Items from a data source
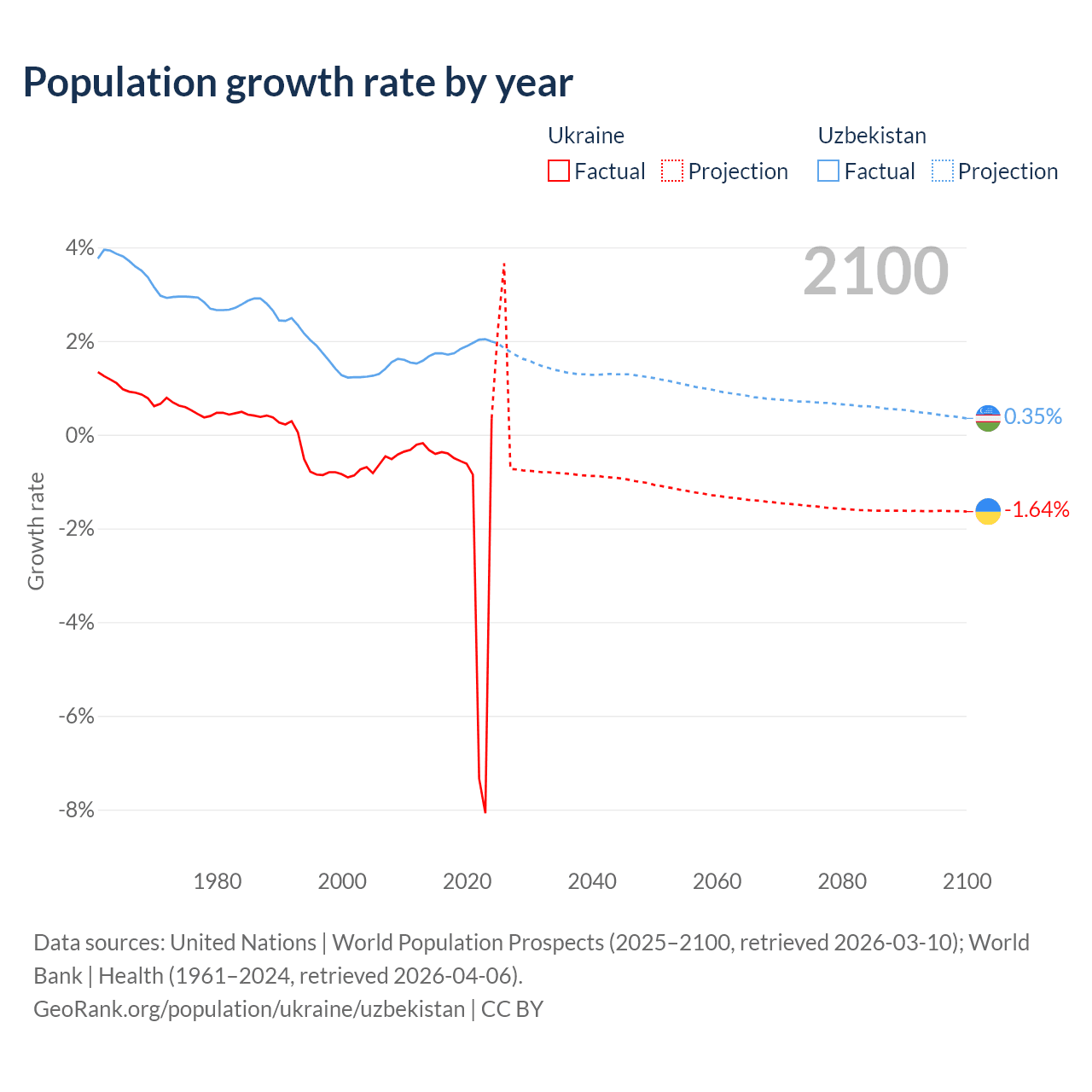 - For the last 10 years, Ukraine has had an average growth rate of -1.74% per year vs +1.85% in Uzbekistan.
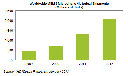 Shipments of MEMS microphones reached an estimated 2.06 billion units in 2012, up by a factor of 4.8 from 432.9 million units in 2009 according to an IHS iSuppli MEMS Market Brief from information and analytics provider IHS (NYSE: IHS).
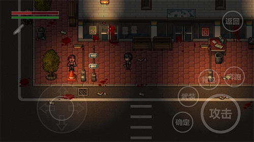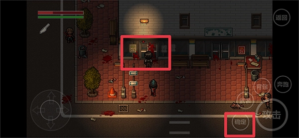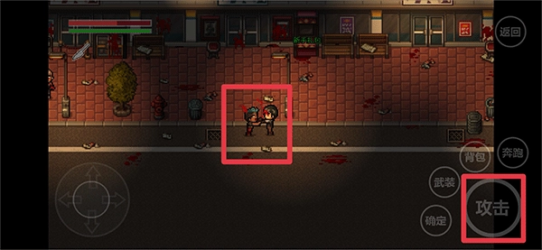 1、开启游戏,按照剧情提示我们要去解救家人,下车后通过左侧轮盘控制角色移动,用右侧攻击键消灭僵尸,接着操控角色移动到道具处获取小刀。
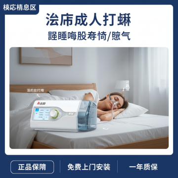 帮我生成5张不同的淘宝推广创意图,要求场景是睡眠环境、床边。主文案:治疗成人打鼾,副文案:睡眠呼吸暂停/憋气
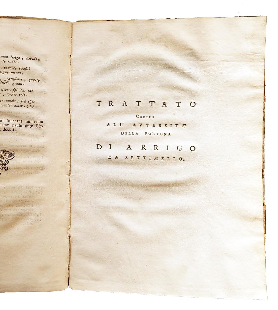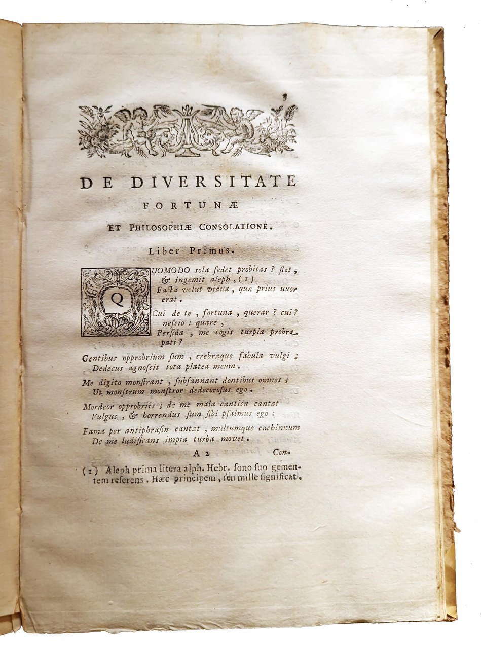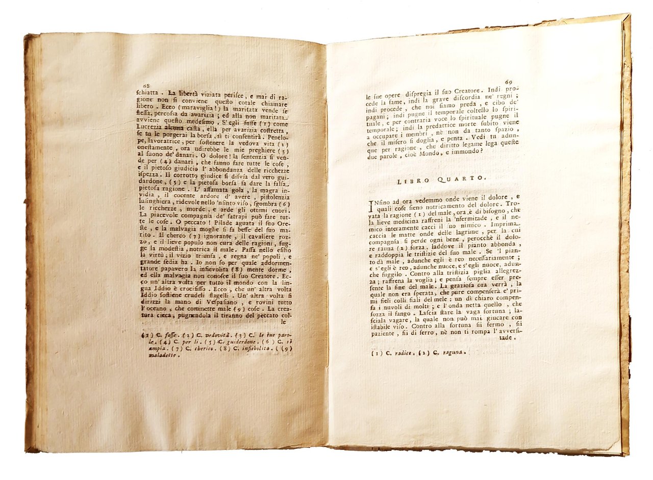 in-8°, 220x150 mm, leg. coeva in mezza peramena con angoli e carta marmorizzata ai piatti; pp. XXIX, [3], 3-77, [3]. Testatine, iniziali e fregi xilografici; vignetta xilografica al frontespizio, raffigurante l'insegna della Crusca (Buratto. Motto: Il piu bel fior ne coglie). Testo in Latino (la prima parte con i Carmina) e in Italiano (la parte del Trattato). A c. A1r occhietto con tit.: Henrici Septimellensis Carmina De diversitate fortunæ et philosophiæ consolatione. A c. F1r occhietto con tit.: Trattato contro all'avversità della fortuna di Arrigo da Settimello. Prima edizione a cura del Manni di questo trattato di Arrigo, ovvero Arrighetto da Settimello, poeta italiano del XII secolo. Quest'opera tratta della volubilità della sorte messa in contrapposizione al fermo e sicuro sollievo che viene dalla filosofia. È composta da mille versi e fu molto popolare nel Medioevo. Il tema è l'instabilità e l'imprevidibilità della Fortuna e della capacità della "filosofia" di "dare all'uomo la coscienza della sua autonomia morale" (Angelo Monteverdi). Rif.: IT\ICCU\RAVE\009560. OCLC, 559582543. Cond.: Lievi tracce d'uso alla legatura (piccole abrasioni alle carte dei piatti). Carte parzialmente in barbe. Piccolo foro a margine del frontespizio. Occasionali bruniture. Esemplare molto buono.

**Brief**. Look above for the line with "1、开启游戏,按照剧情提示我" and the line with "帮我生成5张不同的淘宝推广创", then copy them and all lines in between exactly as written, and only those, without any pictures.

**Exercise solution**.
 1、开启游戏,按照剧情提示我们要去解救家人,下车后通过左侧轮盘控制角色移动,用右侧攻击键消灭僵尸,接着操控角色移动到道具处获取小刀。
 帮我生成5张不同的淘宝推广创意图,要求场景是睡眠环境、床边。主文案:治疗成人打鼾,副文案:睡眠呼吸暂停/憋气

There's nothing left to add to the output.